PROBLEM DESCRIPTION: After locating the line with "- … followed" below, output it and each following line exactly, stopping after the line with "Elevate your style". No pictures.
[[ DATA SECTION, beginning ]]
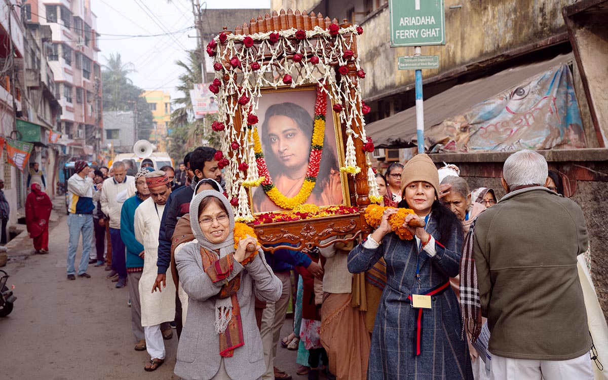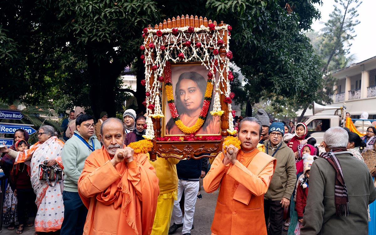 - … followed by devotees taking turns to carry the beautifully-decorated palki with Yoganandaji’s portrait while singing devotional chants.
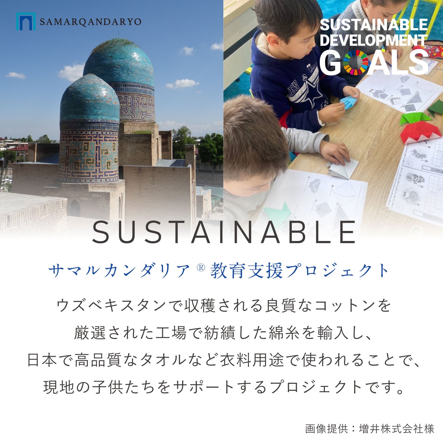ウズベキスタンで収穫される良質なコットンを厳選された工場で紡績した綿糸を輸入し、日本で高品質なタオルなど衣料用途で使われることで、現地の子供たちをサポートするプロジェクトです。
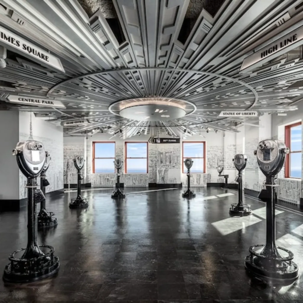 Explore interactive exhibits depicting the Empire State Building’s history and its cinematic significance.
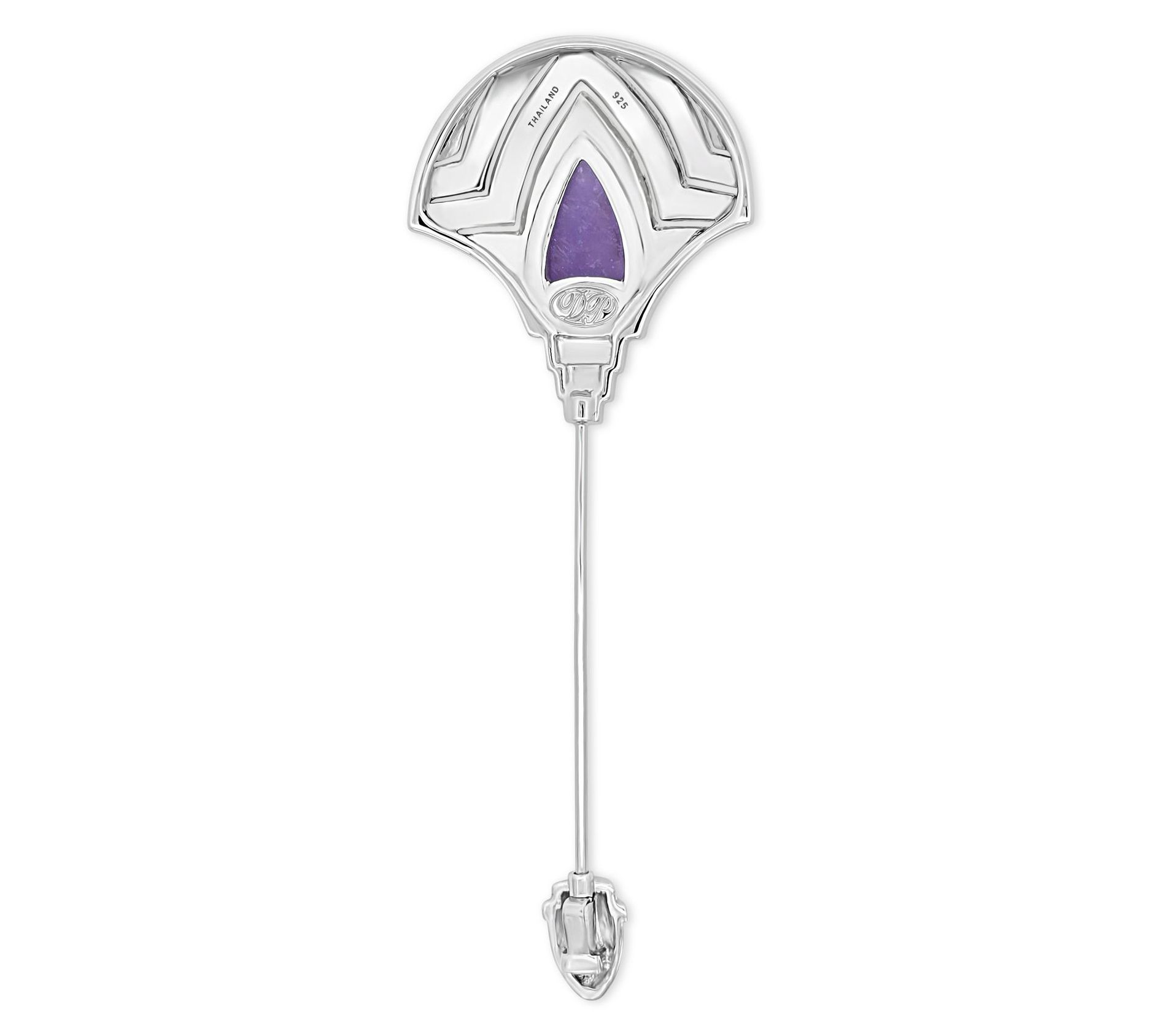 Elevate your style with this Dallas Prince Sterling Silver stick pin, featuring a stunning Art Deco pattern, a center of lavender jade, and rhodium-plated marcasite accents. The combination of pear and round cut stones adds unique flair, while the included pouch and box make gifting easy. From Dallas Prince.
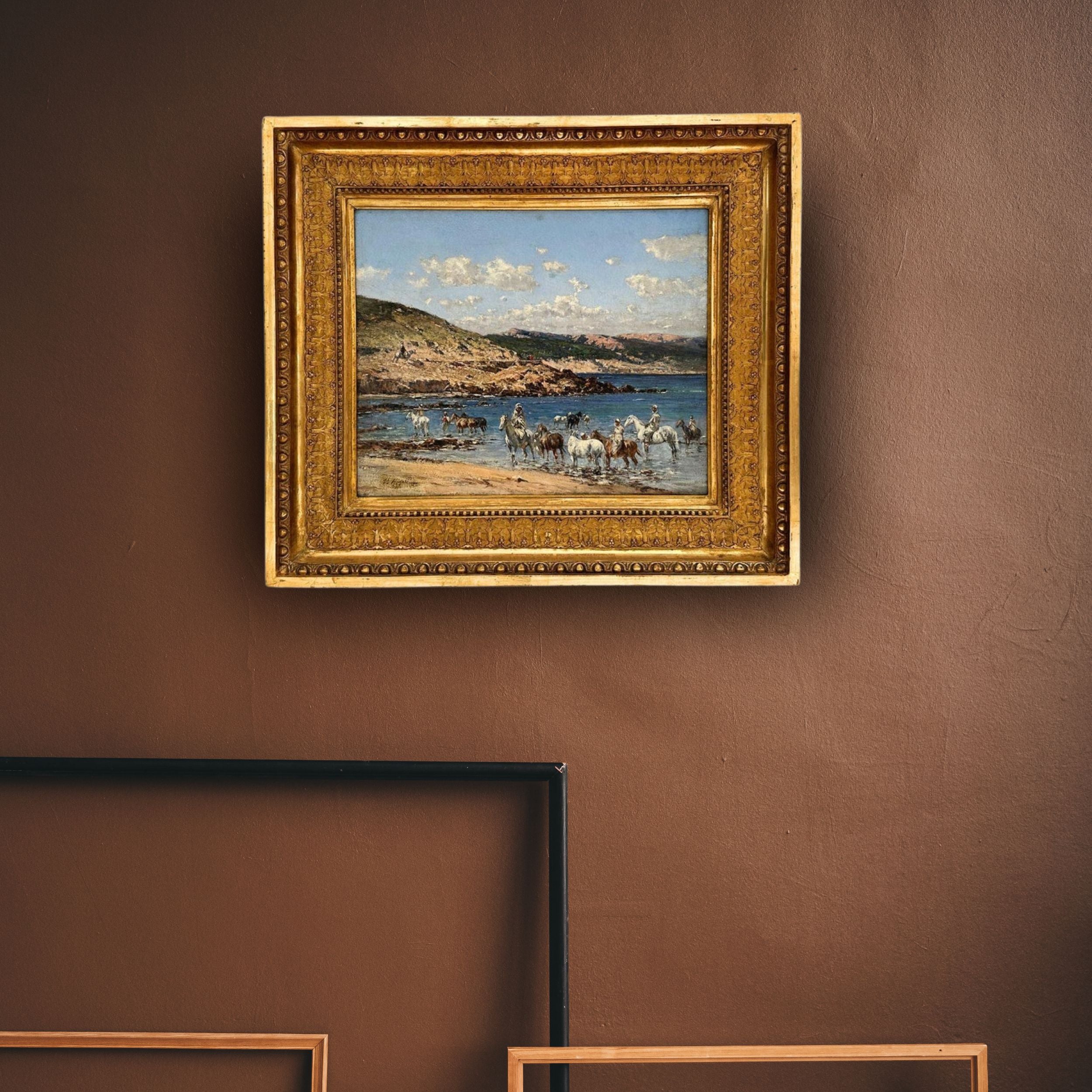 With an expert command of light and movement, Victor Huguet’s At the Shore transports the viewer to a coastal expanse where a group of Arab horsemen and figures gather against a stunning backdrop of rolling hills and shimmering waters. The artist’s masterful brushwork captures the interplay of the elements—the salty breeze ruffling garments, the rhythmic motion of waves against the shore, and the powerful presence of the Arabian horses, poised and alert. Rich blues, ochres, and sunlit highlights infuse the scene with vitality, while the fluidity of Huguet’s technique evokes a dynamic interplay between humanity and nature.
[[ DATA SECTION, end ]]
[[ DATA SECTION, beginning ]]
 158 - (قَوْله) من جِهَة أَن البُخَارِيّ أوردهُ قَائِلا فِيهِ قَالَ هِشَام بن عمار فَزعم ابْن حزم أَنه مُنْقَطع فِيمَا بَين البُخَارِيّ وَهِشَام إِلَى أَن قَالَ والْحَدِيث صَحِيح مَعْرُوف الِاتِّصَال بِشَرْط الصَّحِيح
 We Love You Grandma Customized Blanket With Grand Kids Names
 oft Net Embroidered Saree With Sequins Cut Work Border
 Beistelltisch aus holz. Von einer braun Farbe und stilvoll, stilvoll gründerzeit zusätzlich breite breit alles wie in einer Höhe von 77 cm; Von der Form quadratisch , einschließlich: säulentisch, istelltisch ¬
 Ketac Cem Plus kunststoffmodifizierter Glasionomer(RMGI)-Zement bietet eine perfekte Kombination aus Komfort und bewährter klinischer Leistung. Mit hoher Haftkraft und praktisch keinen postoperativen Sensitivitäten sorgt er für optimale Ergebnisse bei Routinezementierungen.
[[ DATA SECTION, end ]]
RESPONSE TO THIS EXERCISE:
 - … followed by devotees taking turns to carry the beautifully-decorated palki with Yoganandaji’s portrait while singing devotional chants.
ウズベキスタンで収穫される良質なコットンを厳選された工場で紡績した綿糸を輸入し、日本で高品質なタオルなど衣料用途で使われることで、現地の子供たちをサポートするプロジェクトです。
 Explore interactive exhibits depicting the Empire State Building’s history and its cinematic significance.
 Elevate your style with this Dallas Prince Sterling Silver stick pin, featuring a stunning Art Deco pattern, a center of lavender jade, and rhodium-plated marcasite accents. The combination of pear and round cut stones adds unique flair, while the included pouch and box make gifting easy. From Dallas Prince.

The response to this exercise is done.